»»

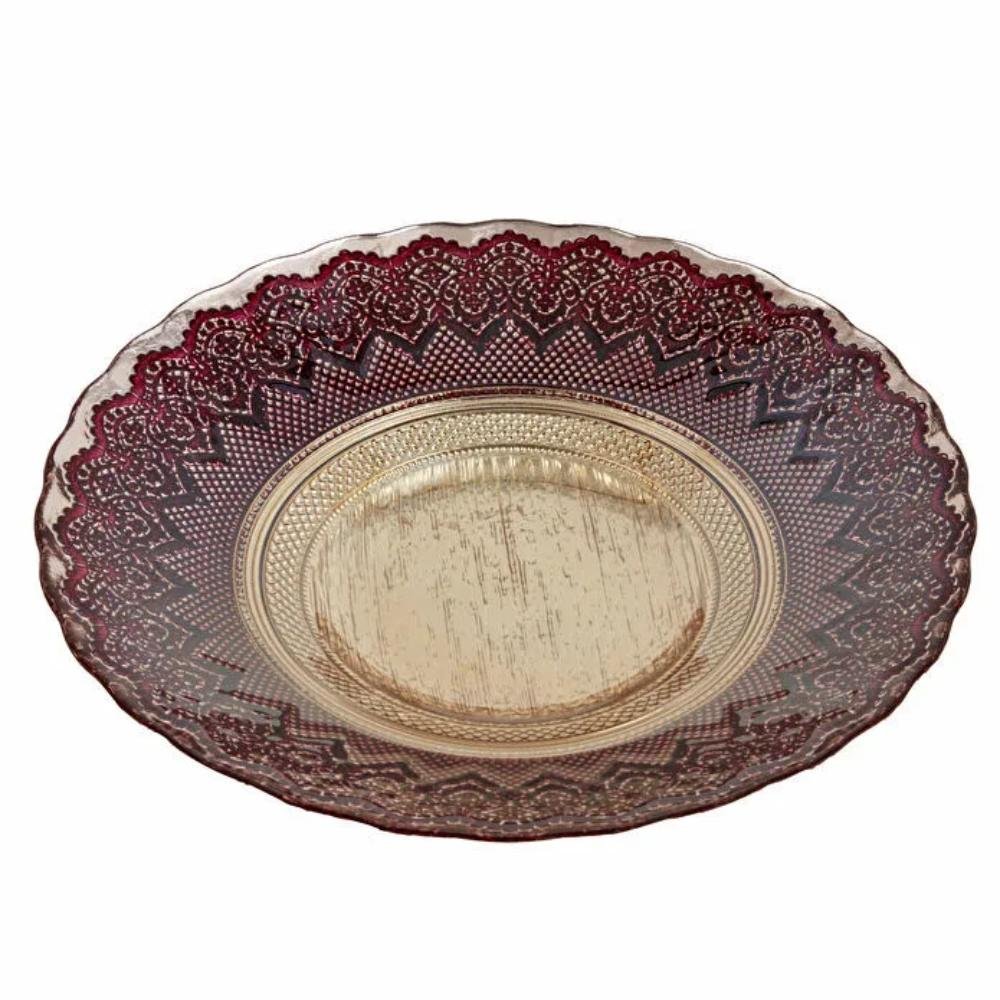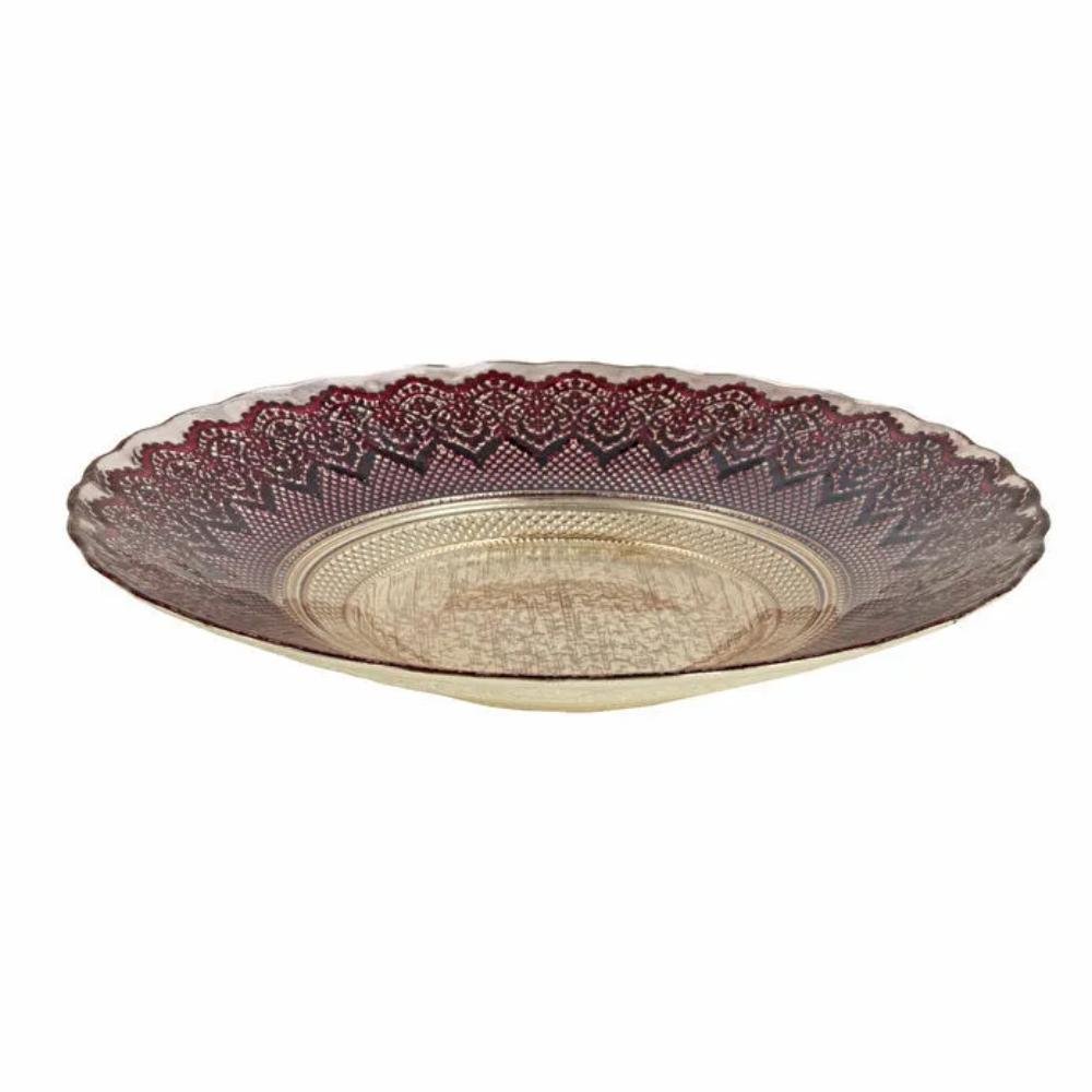 Enhance your interior Decor with the Karaca Home Palmyra Decorative Plate. Crafted from elegant glass, this statement piece features a rich bordeaux pattern framed with refined detailing and a luxurious gold-finish base, creating a sophisticated and timeless decorative accent.
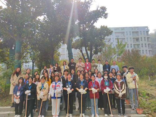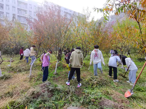11月7日,立冬节气,师范学院党总支书记张丹、学工辅导员、主要学生干部齐聚博爱楼后的桃李林。大家一起刷树、除草,现场一片欢声笑语。
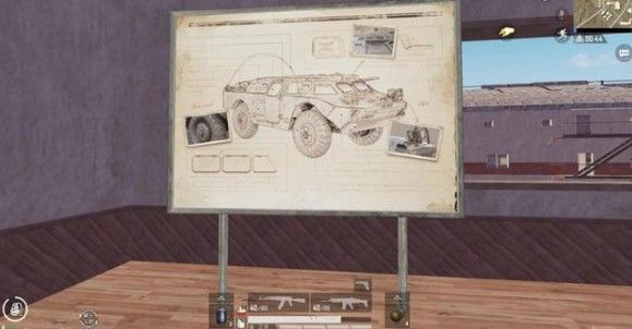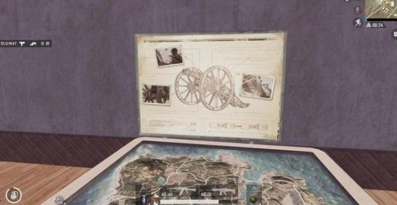 第四个部分坦克,坦克与装甲车一样,分别出现在了窗户的两边。在这个狭小的房间内,分别放置了坦克、迫击炮、装甲车、海岛地图的鸟瞰图4样物品。

««

### YOUR OBJECTIVE
Reproduce the data above exactly, leaving each picture out.

### RESPONSE AREA
 Enhance your interior Decor with the Karaca Home Palmyra Decorative Plate. Crafted from elegant glass, this statement piece features a rich bordeaux pattern framed with refined detailing and a luxurious gold-finish base, creating a sophisticated and timeless decorative accent.
11月7日,立冬节气,师范学院党总支书记张丹、学工辅导员、主要学生干部齐聚博爱楼后的桃李林。大家一起刷树、除草,现场一片欢声笑语。
 第四个部分坦克,坦克与装甲车一样,分别出现在了窗户的两边。在这个狭小的房间内,分别放置了坦克、迫击炮、装甲车、海岛地图的鸟瞰图4样物品。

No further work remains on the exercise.